After the line containing "Calvary Chapel Sierra Leone - Waterloo", copy nothing more; up to and including it, copy every line of the listing exactly from the first, leaving out the pictures.
--- AVAILABLE RECORDS Enclosed Below ---
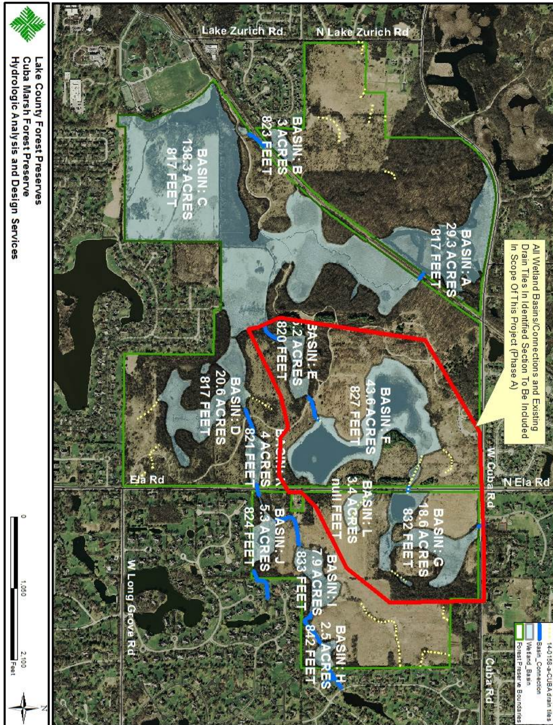
Figure 1: Project A: Hydrologic Analysis and Design Services – Cuba Marsh Forest Preserve
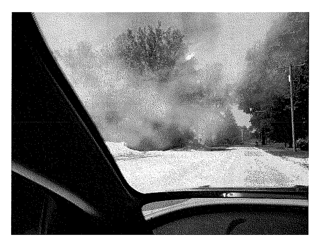
Image 4(High Grade) : Looking west. Dust from filling cement silo.
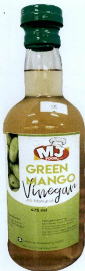
Figure 4. Unregistered MJ FOOD Green Mango All Natural Vinegar
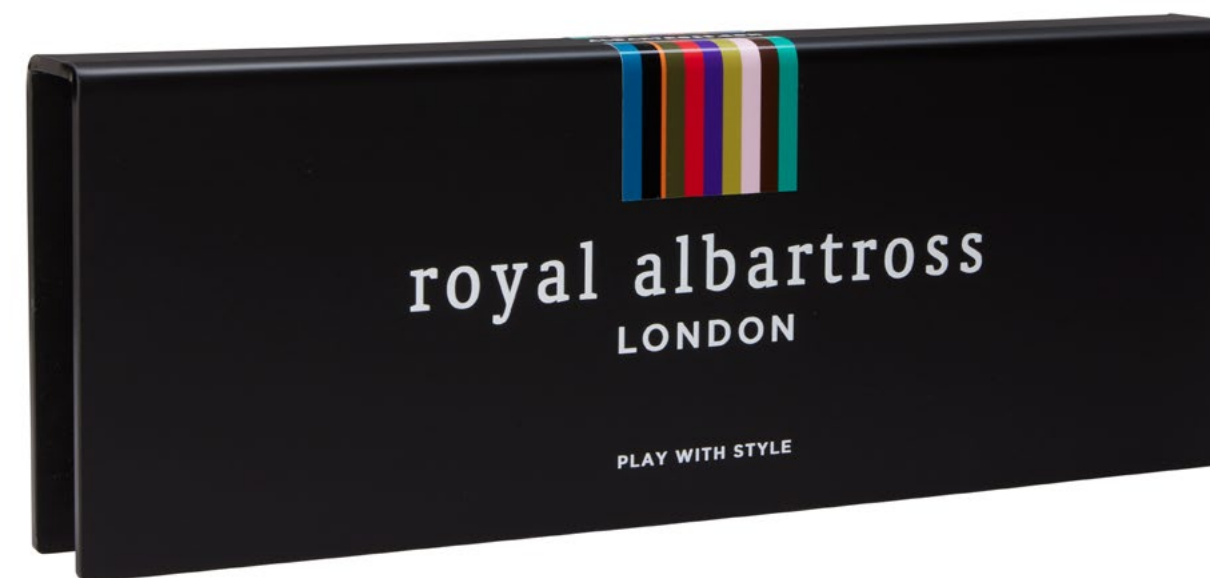
RA BRAND BLOCK SIZE: 15.75"(W) x 5.9"(H) x 1.9"(D)
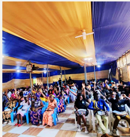
Calvary Chapel Sierra Leone - Waterloo

The mission field has been a much more difficult endeavor as persecutions occur far too often, with officials seeming to turn a blind eye to all the violence inflicted on Christian villages. But God... through Whom boldness and an unwavering courage in continuing to bring the Gospel message persists among the Nigerian missionaries. Their heart is as God's heart towards all of us: The Lord is not slack concerning His promise, as some count slackness, but is longsuffering toward us, not willing that any should perish but that all should come to repentance. 2 Peter 3:9
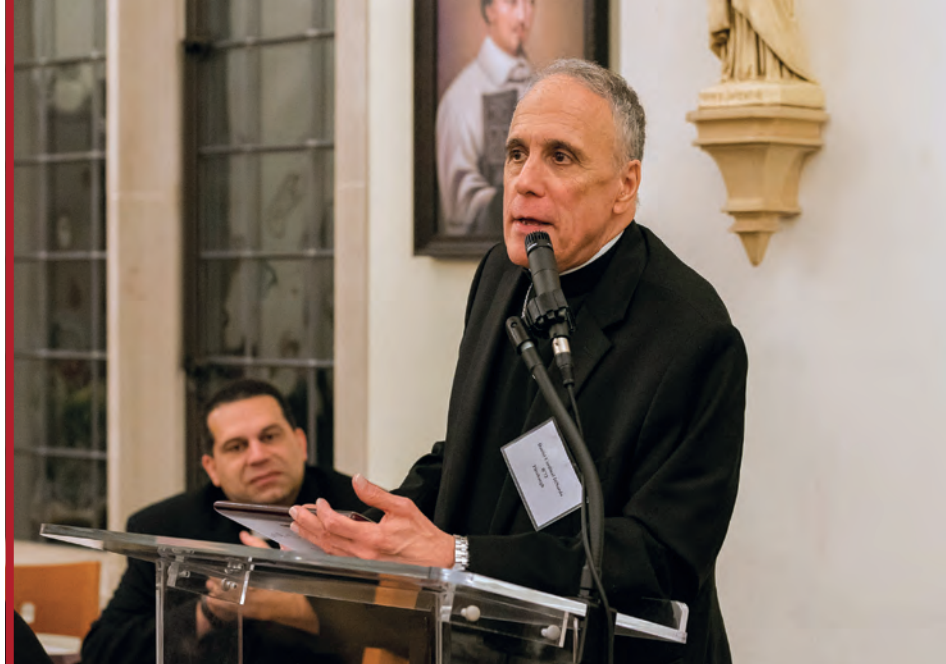
Daniel Cardinal DiNardo (B '72) accepted TC's Alumnus Lifetime Service Award at the 2021 Alumni Day Award Dinner.
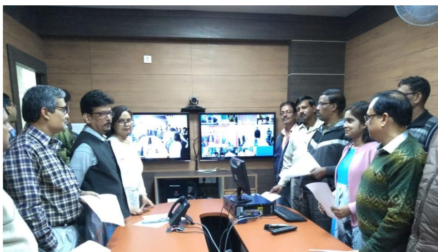
NIC-WB - Other centres are connected over VC
--- End of Enclosed AVAILABLE RECORDS ---
PROBLEM SOLUTION:
Figure 1: Project A: Hydrologic Analysis and Design Services – Cuba Marsh Forest Preserve
Image 4(High Grade) : Looking west. Dust from filling cement silo.
Figure 4. Unregistered MJ FOOD Green Mango All Natural Vinegar
RA BRAND BLOCK SIZE: 15.75"(W) x 5.9"(H) x 1.9"(D)
Calvary Chapel Sierra Leone - Waterloo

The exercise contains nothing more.